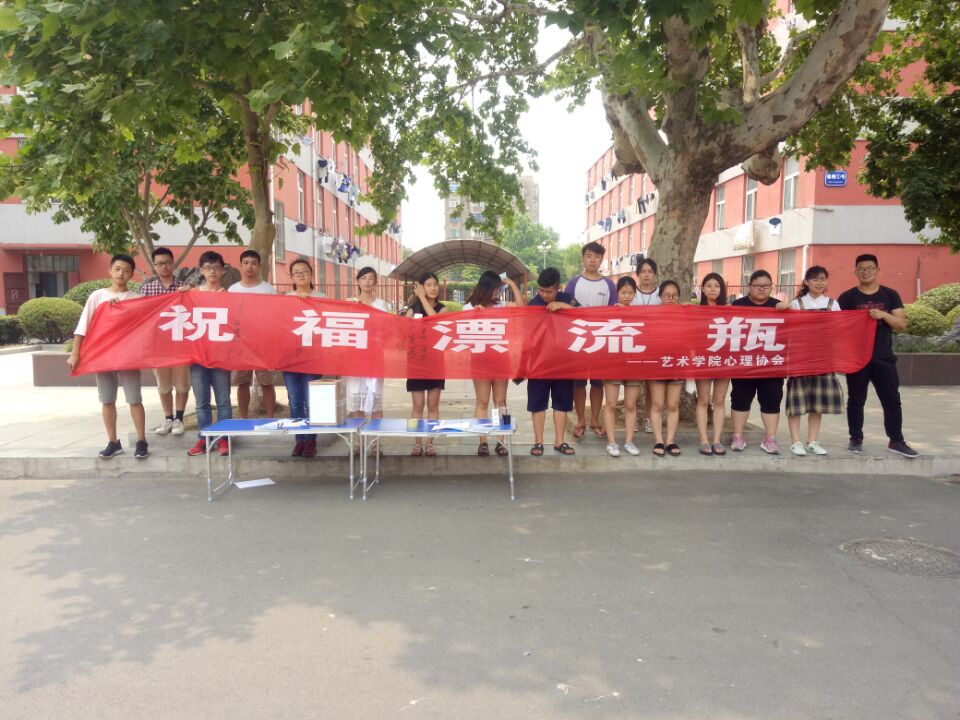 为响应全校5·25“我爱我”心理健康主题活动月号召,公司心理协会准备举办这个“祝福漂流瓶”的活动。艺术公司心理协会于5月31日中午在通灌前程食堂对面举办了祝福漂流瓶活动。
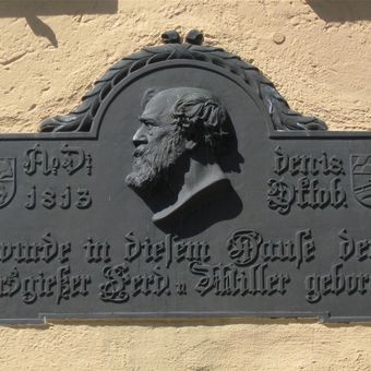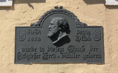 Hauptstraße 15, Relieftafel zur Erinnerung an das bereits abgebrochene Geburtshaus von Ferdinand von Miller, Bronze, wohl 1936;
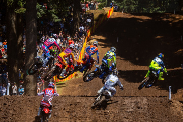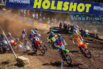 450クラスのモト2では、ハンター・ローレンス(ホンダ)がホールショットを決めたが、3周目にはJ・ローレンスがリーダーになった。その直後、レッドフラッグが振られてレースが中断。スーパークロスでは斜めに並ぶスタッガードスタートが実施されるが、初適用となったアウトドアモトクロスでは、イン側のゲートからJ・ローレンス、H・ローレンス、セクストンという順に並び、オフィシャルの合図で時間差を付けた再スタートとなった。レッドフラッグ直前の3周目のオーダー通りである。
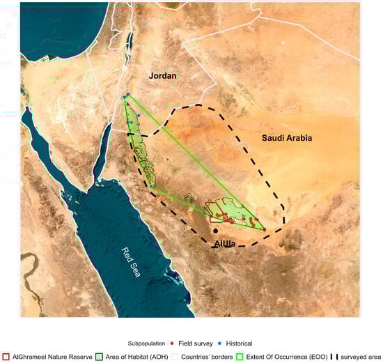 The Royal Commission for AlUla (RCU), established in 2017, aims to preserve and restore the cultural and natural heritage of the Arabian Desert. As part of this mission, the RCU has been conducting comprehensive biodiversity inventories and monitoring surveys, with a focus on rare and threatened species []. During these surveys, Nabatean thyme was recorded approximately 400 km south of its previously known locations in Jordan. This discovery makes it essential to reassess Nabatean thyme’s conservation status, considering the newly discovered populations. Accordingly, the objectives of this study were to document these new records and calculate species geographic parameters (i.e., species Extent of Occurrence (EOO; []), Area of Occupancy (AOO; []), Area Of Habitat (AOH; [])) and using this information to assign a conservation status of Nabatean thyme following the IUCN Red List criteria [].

PROBLEM STATEMENT:
What is needed is an exact copy of the lines from the start of the listing above through the line that holds "450クラスのモト2では、ハ", with the pictures left out.

THE ANSWER:
 为响应全校5·25“我爱我”心理健康主题活动月号召,公司心理协会准备举办这个“祝福漂流瓶”的活动。艺术公司心理协会于5月31日中午在通灌前程食堂对面举办了祝福漂流瓶活动。
 Hauptstraße 15, Relieftafel zur Erinnerung an das bereits abgebrochene Geburtshaus von Ferdinand von Miller, Bronze, wohl 1936;
 450クラスのモト2では、ハンター・ローレンス(ホンダ)がホールショットを決めたが、3周目にはJ・ローレンスがリーダーになった。その直後、レッドフラッグが振られてレースが中断。スーパークロスでは斜めに並ぶスタッガードスタートが実施されるが、初適用となったアウトドアモトクロスでは、イン側のゲートからJ・ローレンス、H・ローレンス、セクストンという順に並び、オフィシャルの合図で時間差を付けた再スタートとなった。レッドフラッグ直前の3周目のオーダー通りである。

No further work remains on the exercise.